Но в том-то и дело, что любой выбор Могутина-Матюкова a priori верен по праву поэта. Как верен выбор выплывающего гигантским облаком Пьеро в безразмерном желтом балахоне, с раскрашенным черно-белым лицом. Евгений Кыхалов в «Тринадцатом апостоле» играет Маяковского и Северянина одновременно, выносит приговор всему человечеству. Как верен выбор Даниила Хармса в исполнении Александра Лушина из «Истории СДЫГР АППР», предпочитающего всякому роду деятельности выдумывающе-вопиюще-вызывающе-беззаботный — писательский. Или выбор любого персонажа из плеяды поэтов-футуристов студенческого спектакля курса Анатолия Праудина «ФутуризмЗрим».
Каждый персонаж, которого выводит на сцену Юрий Васильев, оказывается творцом. Безымянная англичанка-экскурсовод Алены Барковой, якобы выучившая специально для русской публики сказку Льюиса Кэрролла «Алиса в Стране чудес», не просто рассказывает, но и показывает все чудеса, творящиеся с непоседливой Элис. Развернув клетчатый плед, она буквально по В. Немировичу-Данченко создает театр с помощью коврика: завернешься — кроличья нора, подсоберешь под ноги — пригорок, расстелешь — комната.

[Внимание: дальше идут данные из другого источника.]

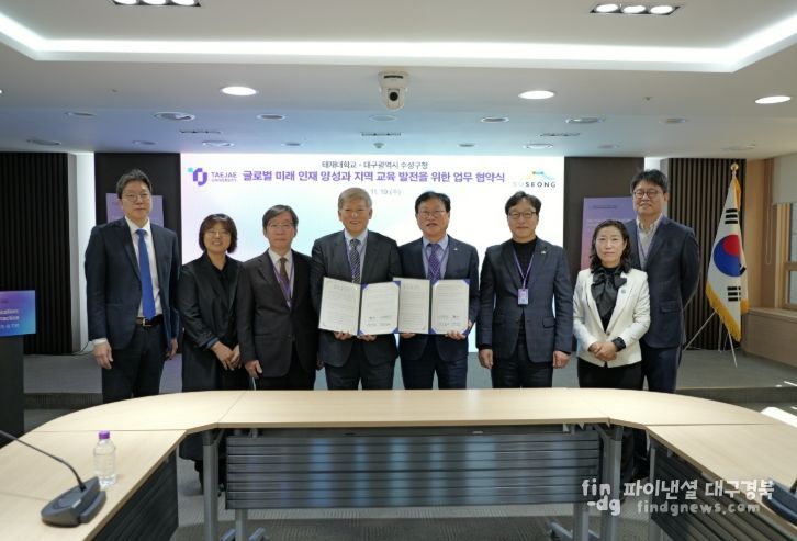 파이낸셜대구경북 김유신 기자 | 대구 수성구는 지난 19일 태재대학교(총장 염재호)와 글로벌 미래 인재 양성 및 지역 교육 발전을 위한 업무 협약(MOU)을 체결하고 상호 협력 체계를 구축했다고 밝혔다.
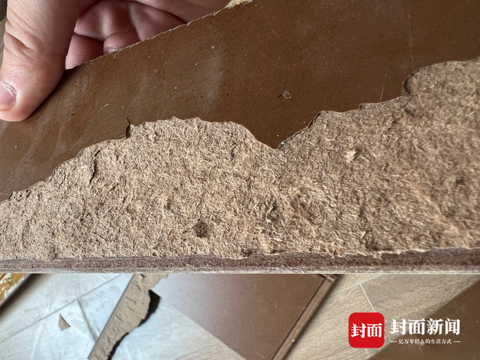 在收房过程中,有细心的业主撬开木地板查验,发现地板内部像纸片一样,看起来质量不好。
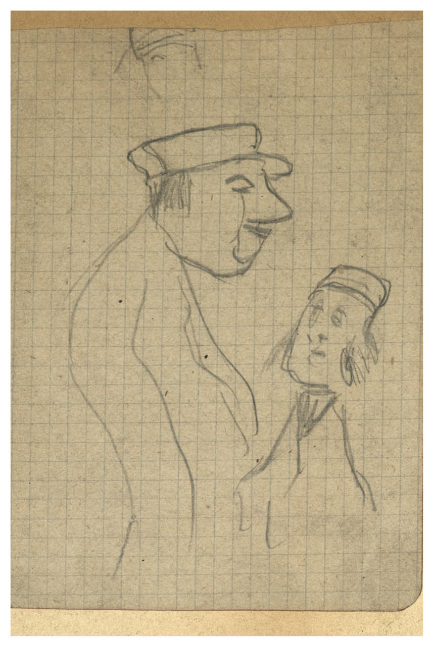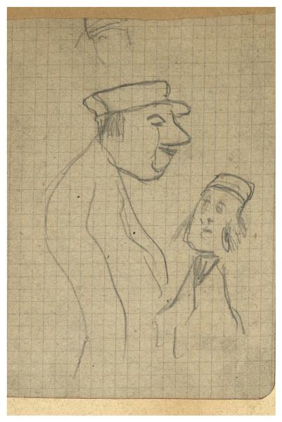 Due caricature di figurette maschili con cappelli. Due caricature di figurette maschili con cappelli
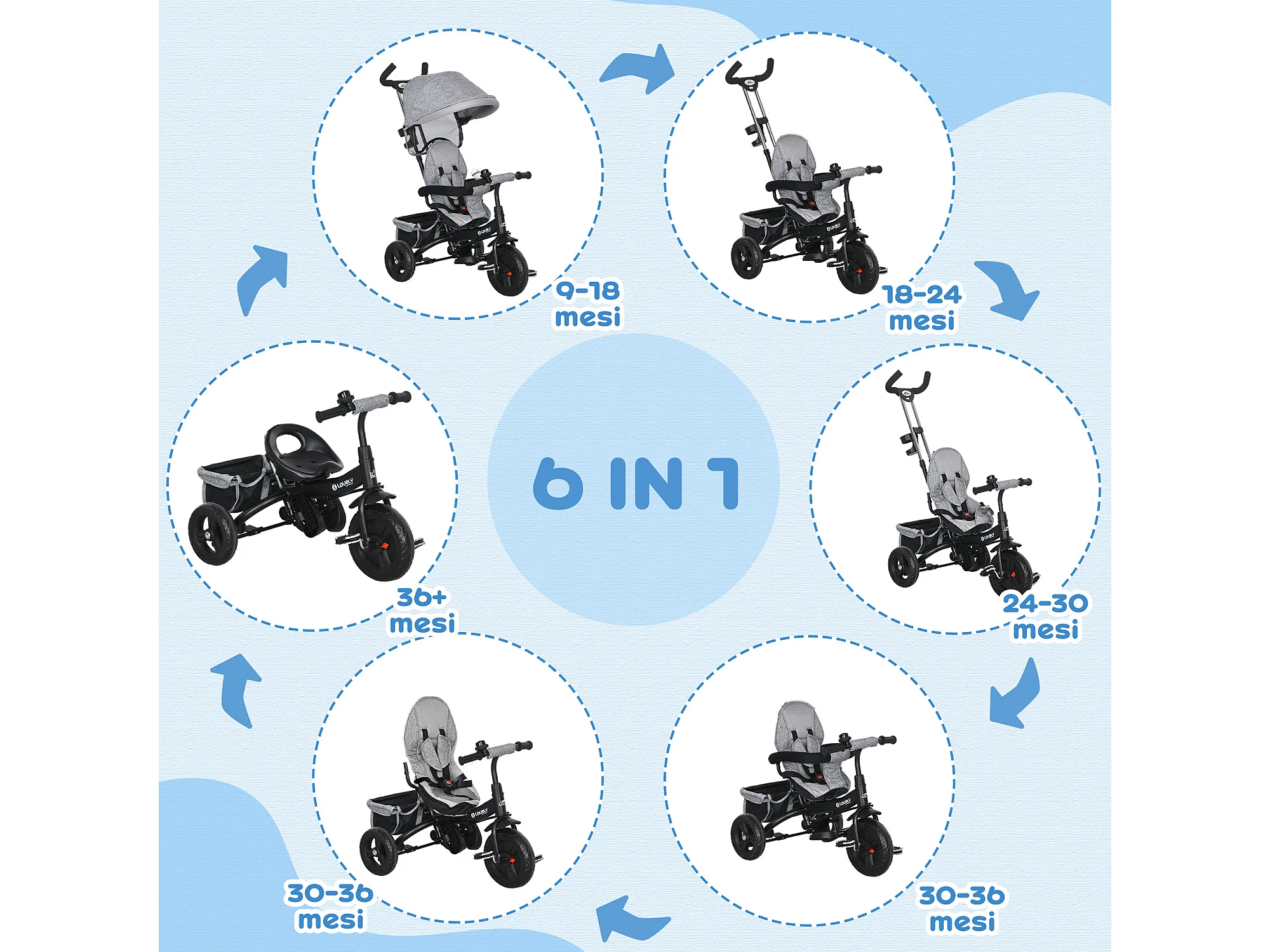 Triciclo passeggino con maniglione e tettuccio regolabile grigio
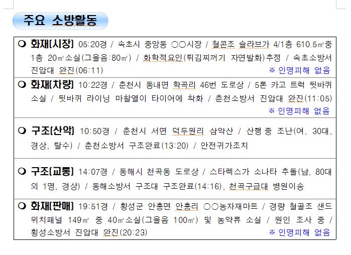 강원도 소방활동 일일상황 (11. 6. 토) 06:00
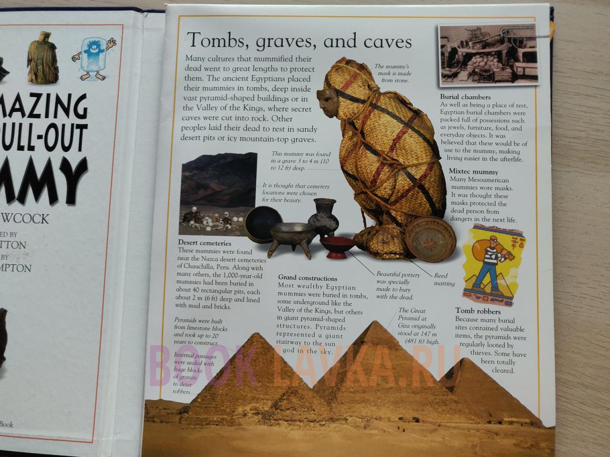 Unfold this 1.5 metre high 3D Pop-Up to reveal the mummy of Tutankhamun in his full splendour. Flip the flaps to reveal hidden treasures pull back the death mask to see the mummy's skull. Discover fantastic facts about mummies from around the world and their gruesome secrets.
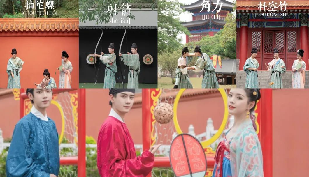 街区现场设置古风游戏互动区,项目包括趣味投壶、射箭、捶丸、空竹、木射等,游客到访可免费参与!
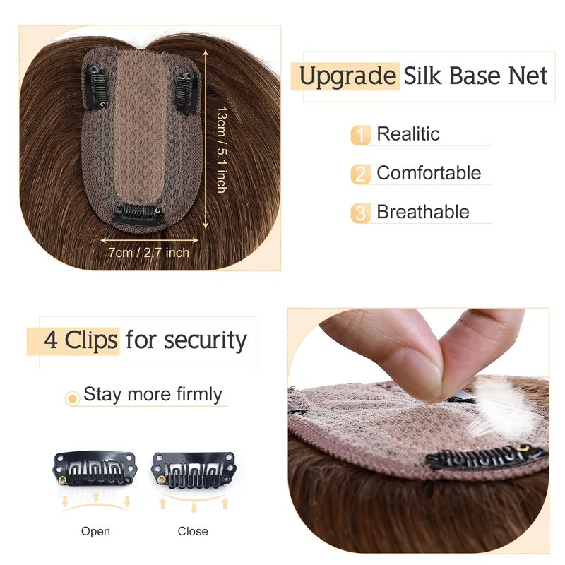 - ♛Realistic Silk base coverage Toupee♛ Topper with silk base has the most natural appearance compared to other like products.It can barely be told from real human scalp even through close observation.No one can find your secret. Base size: 7 cm x 13 cm(2.7”x5.1” approximately).
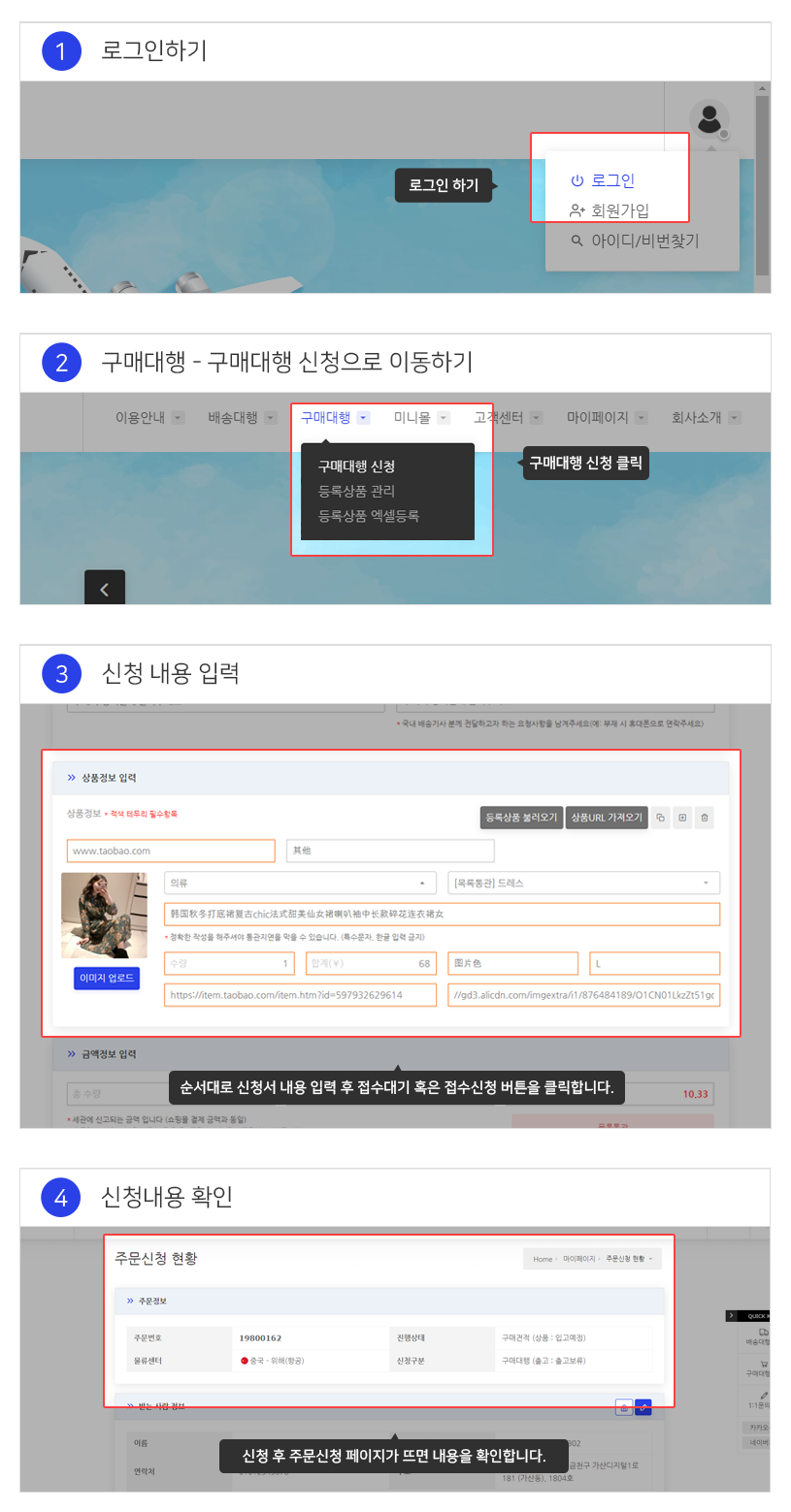 4) 상품가 결제가 완료되면 현지 쇼핑몰에 구매가 신청되며 신청이 완료 되면 주문번호가 배송이 시작되면 트래킹 번호가 노출 됩니다. * 구매 과정에서 쇼핑몰 재고가 소진 되었을 경우 결제 금액 전체를 환불해 드립니다.

Смешивая русский с английским, Алиса-Алена добивается истинно кэрролловского эффекта появления квазилексемы: рождение нового пространства посредством искажения старого, что возможно в первую очередь благодаря слому слова. Перед нами не Россия и не Великобритания, а какое-то непонятное государство, государство странной переводчицы и одновременно чудаковатой Alice, где все герои говорят на диковинной смеси русского и английского, — васильевский вариант "Страны чудес«.
А чем не поэт Молли — Марина Солопченко из монопредставления «XVIII эпизод»? В красно-золотом платьице, туфельках с пряжками и ослепительно-белых чулочках, воздушная, с букетиком любимых цветов в руках, она порхает, точно бабочка, согревая дыханием, оживляя приземистый, слишком мужской, выложенный камнем, накрепко сколоченный из дерева, полный зазубрин и заноз мир. Словом, жестом, полуулыбкой, обвнешляя самое себя, облекая мысль в слово, она материализуется здесь и сейчас и одновременно создает свою — солнечную, сладкую, полную любви и желания — реальность поверх этой, серой, холодной и мрачной.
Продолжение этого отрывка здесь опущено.